- [EXERCISE BRIEF]: Would you transcribe the records below from the line with "Napis dekoracyjny HDF" to the line with "岡山県美咲町。明治の村合併で", ends included, exactly and with nothing more, leaving the pictures out?

** MATERIAL FOR THIS TASK follows **

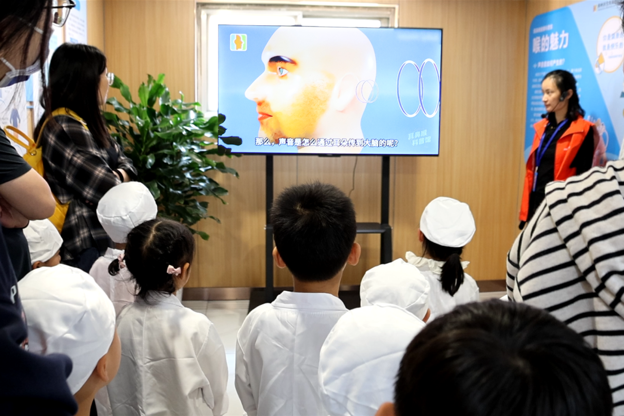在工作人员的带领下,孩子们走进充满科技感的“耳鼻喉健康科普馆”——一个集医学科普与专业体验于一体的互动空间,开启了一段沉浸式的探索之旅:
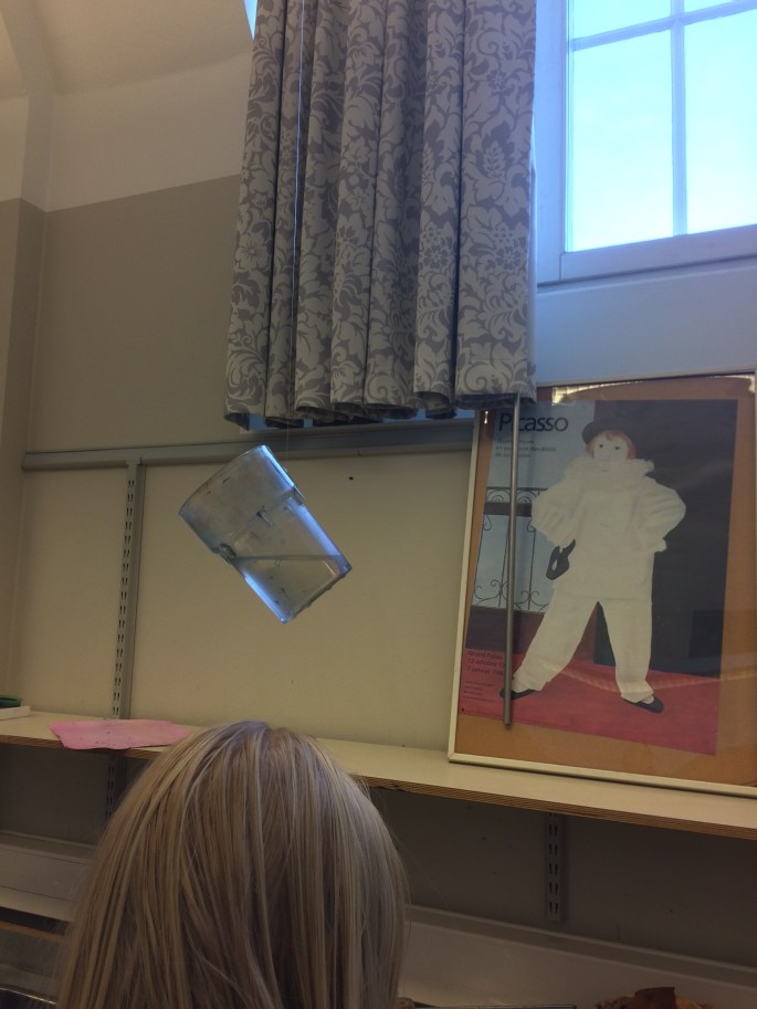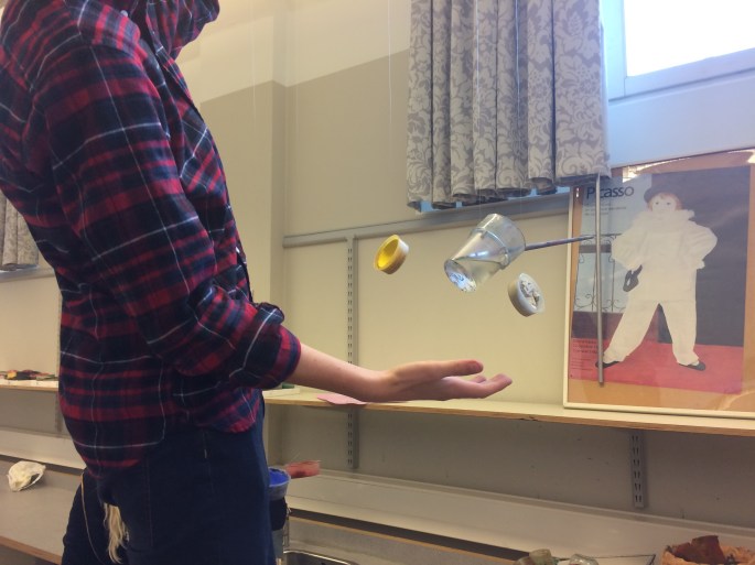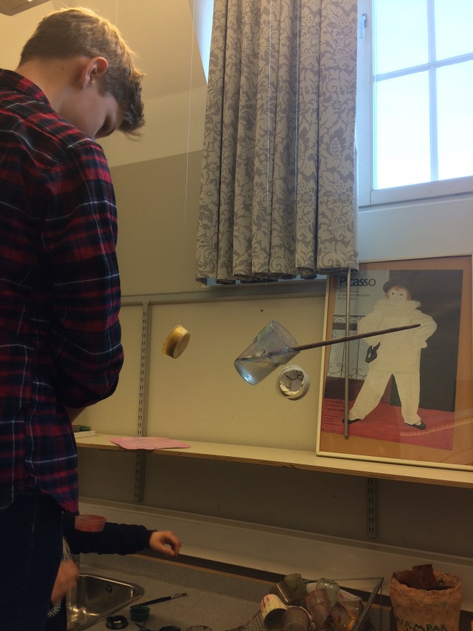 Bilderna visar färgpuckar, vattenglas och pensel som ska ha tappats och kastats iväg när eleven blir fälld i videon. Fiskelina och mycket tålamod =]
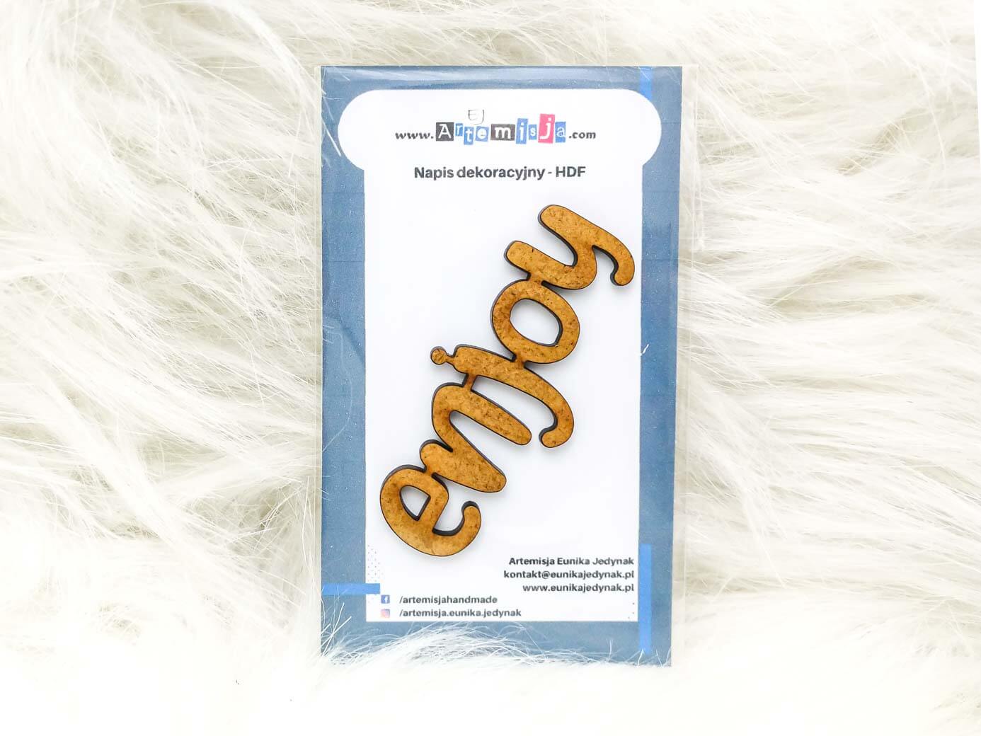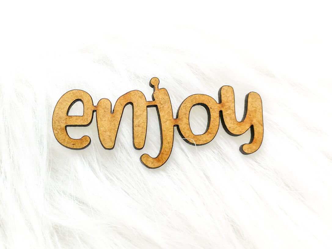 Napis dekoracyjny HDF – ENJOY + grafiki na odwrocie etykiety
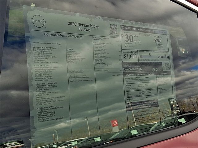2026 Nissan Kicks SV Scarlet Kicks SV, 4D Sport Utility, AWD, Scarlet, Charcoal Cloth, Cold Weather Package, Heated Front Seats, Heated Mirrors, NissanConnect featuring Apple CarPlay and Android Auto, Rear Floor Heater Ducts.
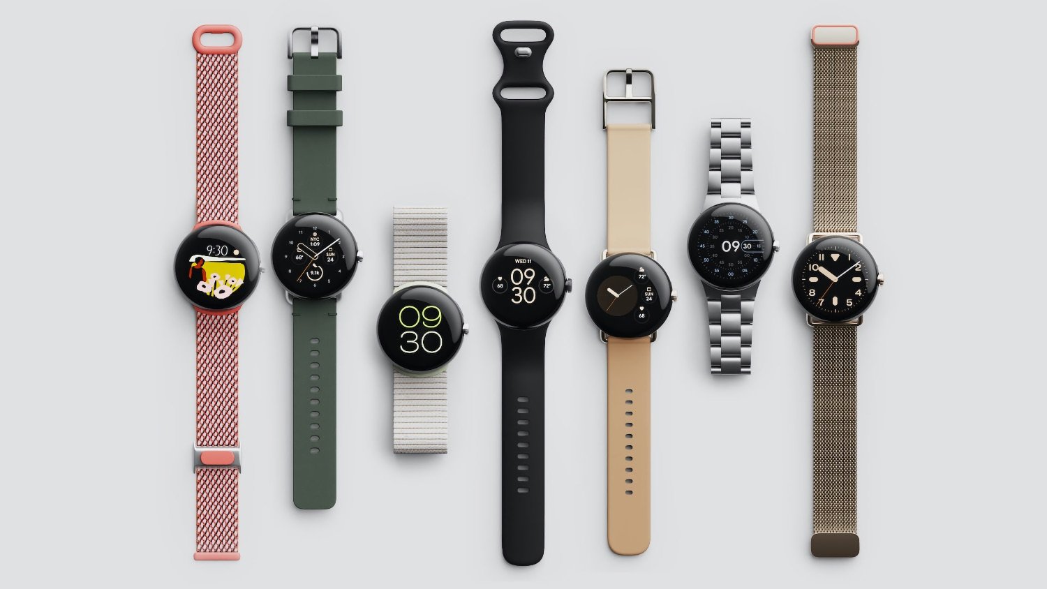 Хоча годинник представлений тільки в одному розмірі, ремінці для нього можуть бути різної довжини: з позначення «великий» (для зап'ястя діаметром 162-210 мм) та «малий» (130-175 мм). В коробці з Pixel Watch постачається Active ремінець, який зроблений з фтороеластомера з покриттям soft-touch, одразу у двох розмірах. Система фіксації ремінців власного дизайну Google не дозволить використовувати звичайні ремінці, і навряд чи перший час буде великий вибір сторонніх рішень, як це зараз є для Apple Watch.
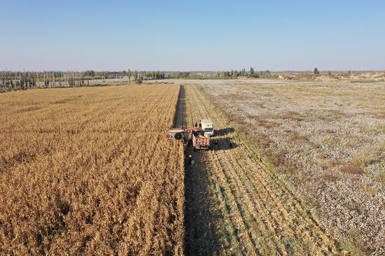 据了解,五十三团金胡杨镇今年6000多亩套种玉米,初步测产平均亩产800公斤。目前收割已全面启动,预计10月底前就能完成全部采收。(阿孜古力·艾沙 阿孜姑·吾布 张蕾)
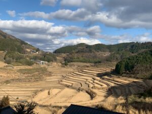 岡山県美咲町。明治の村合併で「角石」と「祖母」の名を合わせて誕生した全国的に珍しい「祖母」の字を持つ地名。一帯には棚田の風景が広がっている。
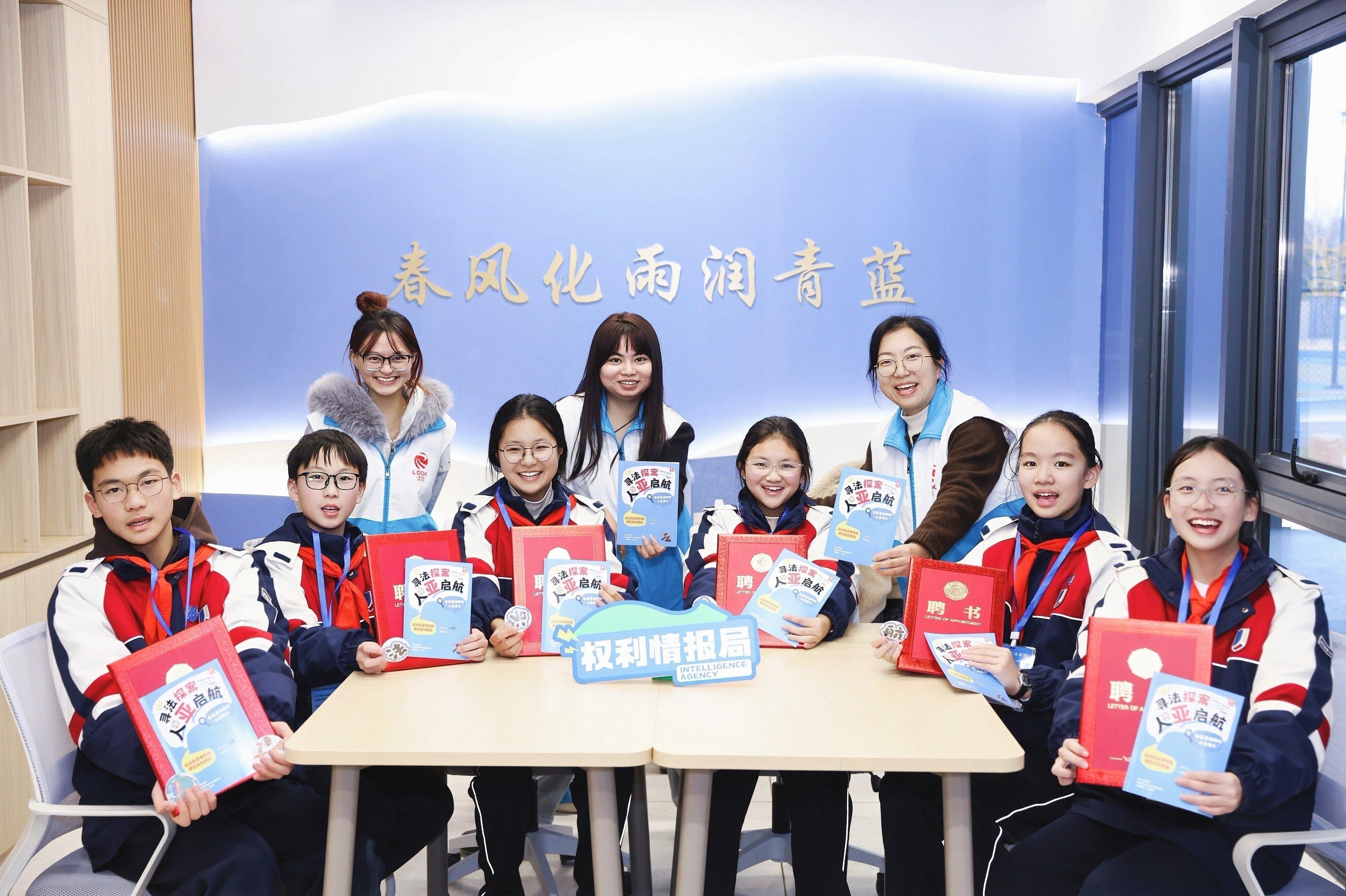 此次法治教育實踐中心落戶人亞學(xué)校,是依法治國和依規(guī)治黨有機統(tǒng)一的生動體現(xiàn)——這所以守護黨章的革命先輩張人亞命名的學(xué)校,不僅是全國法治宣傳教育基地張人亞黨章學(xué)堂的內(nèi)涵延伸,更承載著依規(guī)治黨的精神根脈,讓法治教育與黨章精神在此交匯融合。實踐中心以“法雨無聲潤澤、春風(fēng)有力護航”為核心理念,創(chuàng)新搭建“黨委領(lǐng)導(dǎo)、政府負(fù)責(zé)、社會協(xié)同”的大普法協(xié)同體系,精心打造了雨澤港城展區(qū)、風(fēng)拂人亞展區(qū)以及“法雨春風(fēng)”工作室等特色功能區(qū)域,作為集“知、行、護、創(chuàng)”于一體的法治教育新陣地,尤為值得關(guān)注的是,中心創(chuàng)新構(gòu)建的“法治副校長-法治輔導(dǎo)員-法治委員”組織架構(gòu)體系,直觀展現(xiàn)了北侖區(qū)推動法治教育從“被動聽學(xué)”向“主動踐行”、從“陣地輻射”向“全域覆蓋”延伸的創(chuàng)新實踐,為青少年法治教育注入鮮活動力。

** End of MATERIAL FOR THIS TASK **

- [ANSWER TO THIS TASK]:
 Napis dekoracyjny HDF – ENJOY + grafiki na odwrocie etykiety
2026 Nissan Kicks SV Scarlet Kicks SV, 4D Sport Utility, AWD, Scarlet, Charcoal Cloth, Cold Weather Package, Heated Front Seats, Heated Mirrors, NissanConnect featuring Apple CarPlay and Android Auto, Rear Floor Heater Ducts.
 Хоча годинник представлений тільки в одному розмірі, ремінці для нього можуть бути різної довжини: з позначення «великий» (для зап'ястя діаметром 162-210 мм) та «малий» (130-175 мм). В коробці з Pixel Watch постачається Active ремінець, який зроблений з фтороеластомера з покриттям soft-touch, одразу у двох розмірах. Система фіксації ремінців власного дизайну Google не дозволить використовувати звичайні ремінці, і навряд чи перший час буде великий вибір сторонніх рішень, як це зараз є для Apple Watch.
 据了解,五十三团金胡杨镇今年6000多亩套种玉米,初步测产平均亩产800公斤。目前收割已全面启动,预计10月底前就能完成全部采收。(阿孜古力·艾沙 阿孜姑·吾布 张蕾)
 岡山県美咲町。明治の村合併で「角石」と「祖母」の名を合わせて誕生した全国的に珍しい「祖母」の字を持つ地名。一帯には棚田の風景が広がっている。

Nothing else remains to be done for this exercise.